Calculating fractions of moles of solute that dissociated from the observed van't hoff factor.?

Question

I thought that the van't hoff factor is the moles of particles in solution divided by moles of solute. Because the observed van't hoff factor is less than two for my sodium chloride solution, wouldn't the equation be (2X+Y)/(X+Y)=i ? Where x is the moles of solution that will be dissociated, and y is the moles of solute that will remain clumped. assuming X+Y=1, then 2X+Y=i =>
2X+1-X=i => X=1-i ...and the percent of dissociated sodium chloride would be X/1 multiplied by 100?
Can someone tell me why this is wrong?

Answer 1

Your equation is completely wrong.

i is a correction factor for the fact that you have more particles than you would expect from the molecular formula.

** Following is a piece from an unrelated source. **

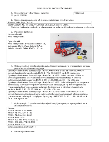 DEKLARACJA ZGODNOŚCI WE/UE 1. Niepowtarzalny identyfikator zabawki: Nr partii: BN2016 Y1263263 2. Nazwa i adres producenta lub jego upoważnionego przedstawiciela: Shantou Yako Toys Co. Ltd South Guangyi Rd., 1st Blag, 4/F, Pumei, Chenghai, Shantou, Chiny. Niniejsza deklaracja zgodności wydana zostaje na wyłączność i odpowiedzialność producenta. 3. Przedmiot deklaracji Nazwa zabawki: Auto straż pożarna Opis zabawki: Auto straż pożarna z bańkami na radio, f.f., ładowarka, 26x13x9 cm, baterie 2xAA, światła, dźwięki, WBX 42x17x15,5 cm 4. Opisany w pkt. 3 przedmiot niniejszej deklaracji jest zgodny z wymaganiami unijnego prawodawstwa harmonizacyjnego: Dyrektywa Parlamentu Europejskiego i Rady 2009/48/WE z dnia 18 czerwca 2009r. w sprawie bezpieczeństwa zabawek, Dz.U. L170 z 30.06.2009, str. 1-37 z późn. zm. Dyrektywa Parlamentu Europejskiego i Rady 2011/65/UE z dnia 8 czerwca 12011r. w sprawie ograniczenia stosowania niektórych niebezpiecznych substancji w sprzęcie elektrycznym i elektronicznym, Dz.U. L 174 z 1.07.2011, str. 88-110 z późn. zm. Dyrektywa Parlamentu Europejskiego i Rady 2014/35/UE z dnia 26 lutego 2014r. w sprawie harmonizacji ustawodawstw państw członkowskich odnoszących się do udostępniania na rynku sprzętu elektrycznego przewidzianego do stosowania w określonych granicach napięcia, Dz.U. L 96 z 29.03.2014, str. 357-374 z późn. zm. Dyrektywa Parlamentu Europejskiego i Rady 2014/53/UE z dnia 16 kwietnia 2014r. w sprawie harmonizacji ustawodawstw państw członkowskich dotyczących udostępniania na rynku urządzeń radiowych i uchylająca dyrektywę 1999/5/WE, Dz.U. L 153 z 11.05.2014, str. 62-106 z późn. zm. 5. Opisany w pkt. 3 przedmiot niniejszej deklaracji jest zgodny z wymaganiami norm zharmonizowanych: Norma: PN-EN 71-1+A3:2014-06E PN-EN 71-3+A1:2014-12E PN-EN 71-2+A1:2014-06E PN-EN 62115:2015 PN-EN 300 220-2 V2.4.1:2013-02 PN-EN 301 489-1 V1.9.2:2012 PN-EN 62479:2011 Data nałożenia znaku CE: 2014 6. Informacje dodatkowe: Dokument odniesienia: Rozporządzenie (WE) Parlamentu europejskiego i Rady nr 1907/2006 REACH – Aneks XVII, Dz.U. L 396 z 30.12.2006, str. 1-794 wraz z późn. zm. Miejsce: Shantou Data wystawienia deklaracji: 02.05.2016 Menadżer sprzedaży Imię i nazwisko: Jamy Wong

If you have N particles of a weak electrolyte that has degree of dissociation a and in theory gives n ions for 100% dissociation according to the molecular formula, then the particles you have is the number of ions that come from the dissociation plus the non dissociated particles.

The free ions are n*a*N
The non dissociated are (1-a)N
Thus the total number of particles in solution is
naN+(1-a)N= (na+(1-a))N

The ideal would be when you have 0 dissociation, thus N particles

so i=(na+(1-a))N/N=na+(1-a) => a=(i-1)/(n-1)

NaCl is a strong electrolyte but at high concentrations you have ion pairing and i<2, so you could treat it as a weak electrolyte and determine a. In your case n=2, i you have an experimental value, so you just plug the values in the equation.